Alcé los ojos al techo.

– ¿Insinúa usted que lo mataron?

– Es posible.

– También la vida en Marte es posible, pero no probable. ¿Por qué querría nadie matar a Morley Shine?

– Puede que encontrase algo que me exculpara.

– Oh, genial, me encanta. ¿Por ejemplo?

– McIntyre dice que habló conmigo en la puerta del juzgado el día en que me absolvieron, ¿no? -Callé como una lagarta-. ¿No? -repitió.

No soporto a los que quieren que se les responda a todo.

– Vaya al grano -dije.

– El muy cerdo estaba entre rejas entonces. Fue el 21 de mayo. Compruebe su ficha de aquel año. Lo verá todo claro como el agua. Lo mismo le dije a Morley Shine el miércoles por la mañana y me dijo que lo comprobaría.

– Señor Barney, esta conversación me parece muy inoportuna. Trabajo para la oposición. Soy el enemigo, ¿lo entiende?

– Yo sólo quiero contarle mi versión.

Me aparté el auricular de la oreja y lo miré con una mueca de escepticismo.

– ¿Está su abogado al tanto de esta llamada?

– Al diablo con eso. Al diablo con él. Me he hartado de abogados, el mío incluido. Habríamos solucionado hace años toda esta historia si alguien hubiese tenido el detalle de escucharme. -Y lo decía un tipo que había metido una bala en el ojo de su mujer.

– Oiga, si usted desea que le escuchen, en este país hay leyes que están precisamente para eso. Usted dice una cosa. Kenneth Voigt dice otra. El juez oirá a las dos partes y el jurado hará lo mismo.

– Pero usted no.

– Yo no, porque a mí no me corresponde -le dije con irritación.

– ¿Aunque le diga la verdad?

– Es el tribunal quien ha de decidir. No yo. Mi trabajo consiste en reunir información. El de Lonnie Kingman, en presentar los hechos ante el tribunal. Me cuente usted lo que me cuente, no va a servir de nada. Es absurdo.

– ¡Dios mío!

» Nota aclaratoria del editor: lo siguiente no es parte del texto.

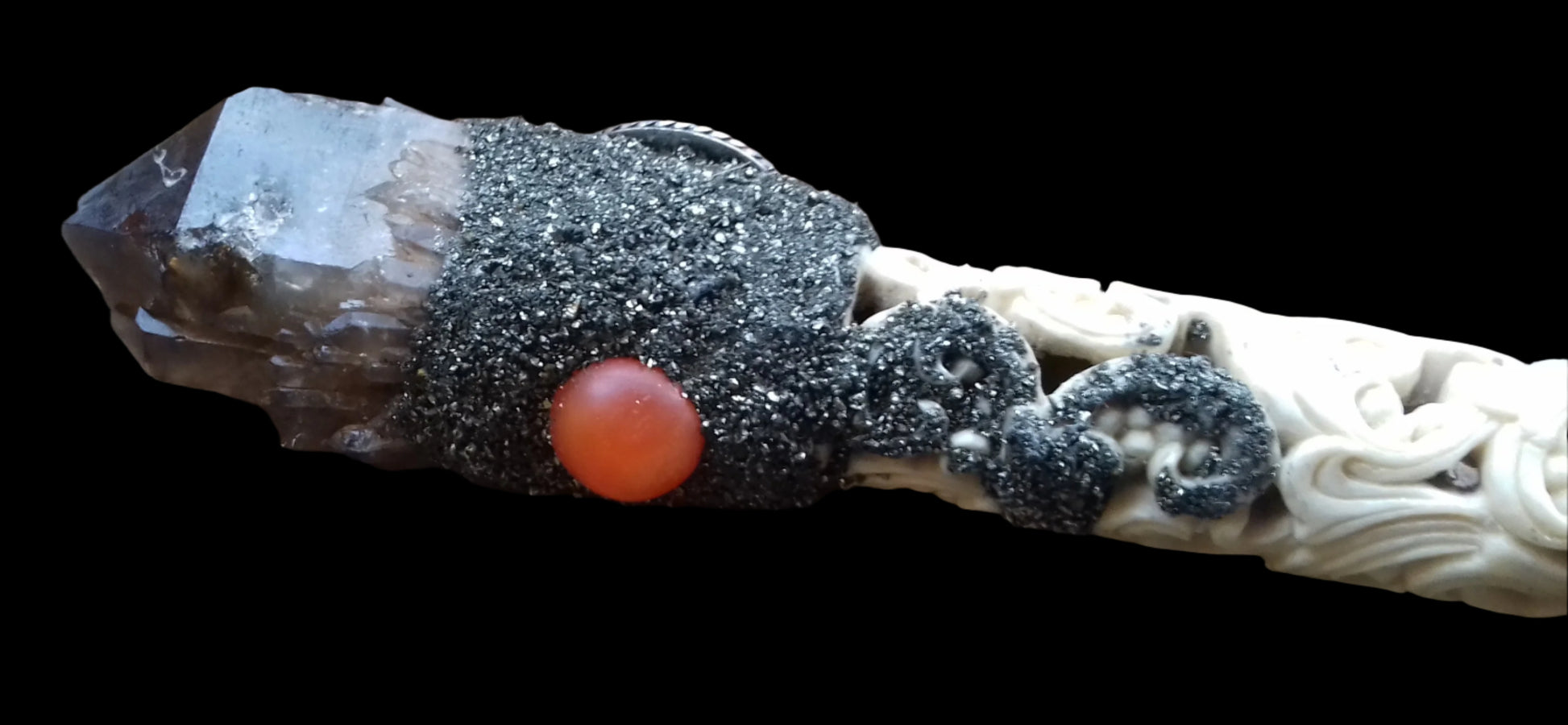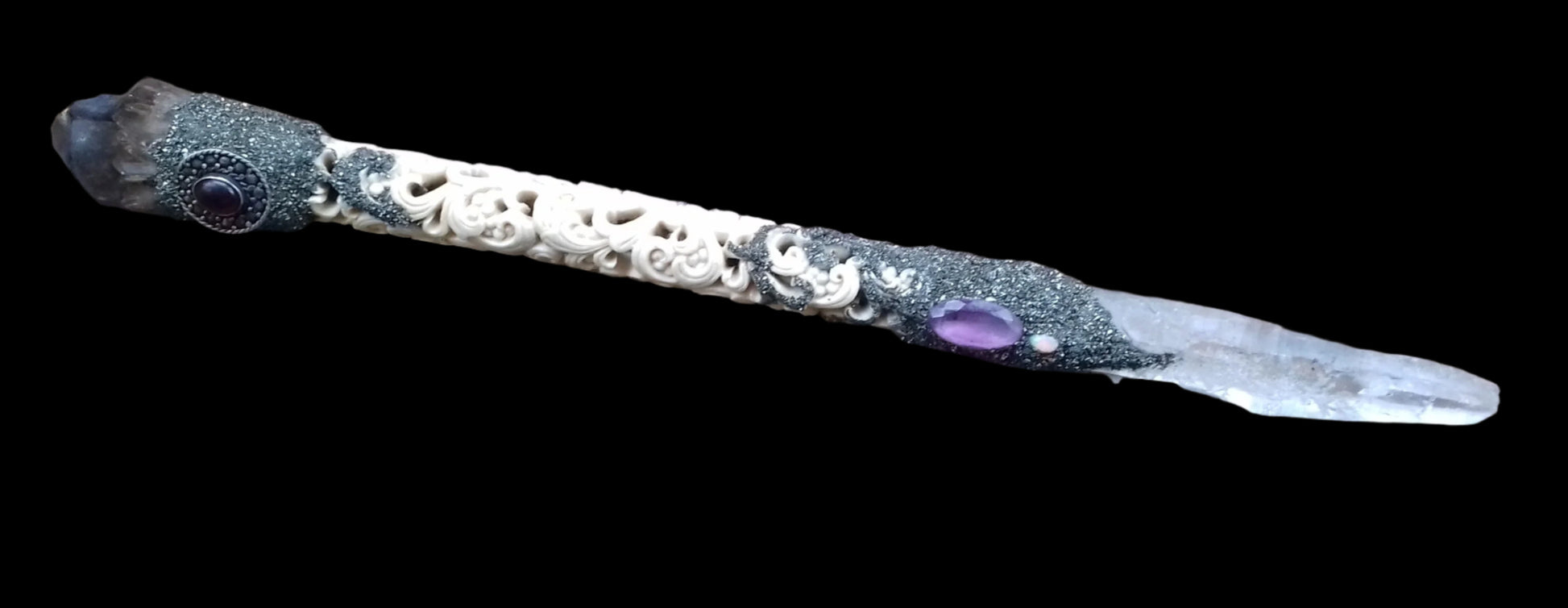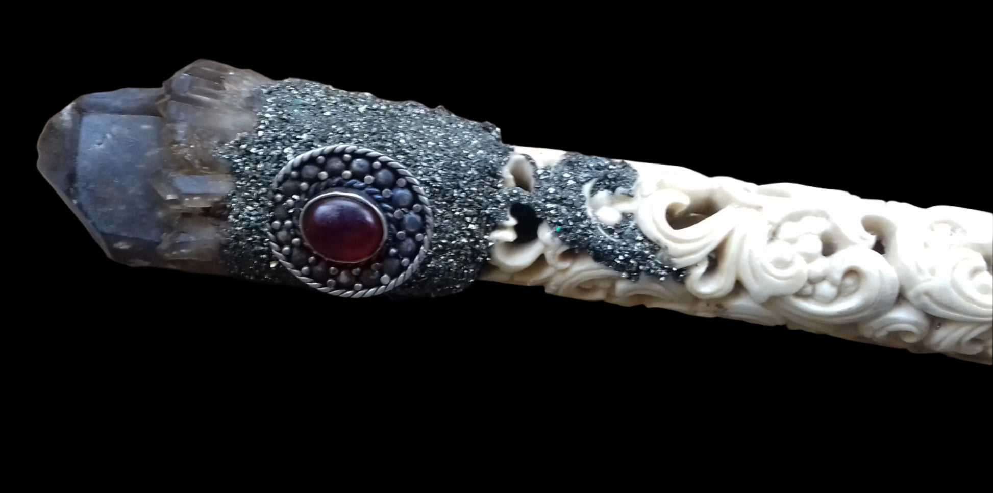 Ref.WD0057 - Wand with laser quartz, smokey citrine, opal, amethyst, garnet, carnelian, ruby, smoky elestial quartz, & carved handle.

Alguien tiene que ayudarme. -La voz se le quebró a causa de la emoción. La mía bajó de temperatura.

– Hable con su abogado. Ya le libró de una acusación de homicidio… hasta hoy. Si yo fuera usted, no echaría a perder ese triunfo.

– ¿No podríamos vernos, aunque fuese unos minutos?

– ¡No, no podemos vernos!

– Se lo suplico, señorita. Bastarían cinco minutos.

– Tengo que colgar, señor Barney. Esta conversación es improcedente.

– Necesito ayuda.

– Contrate a otra persona. Yo estoy ocupada.

Colgué y aparté la mano como si el teléfono quemara. ¿Se había vuelto loco aquel sujeto? Jamás había oído que un acusado tratara de ganarse las simpatías de la acusación. ¿Y si movido por la desesperación se ponía a buscarme? Descolgué y apreté el botón de Ida Ruth.

– ¿Sí?

– Al que acaba de llamar, ¿le diste mi nombre?

– Claro que no. Jamás lo haría -dijo.

– Mierda. Acabo de recordar que yo se lo dije al principio de la conversación.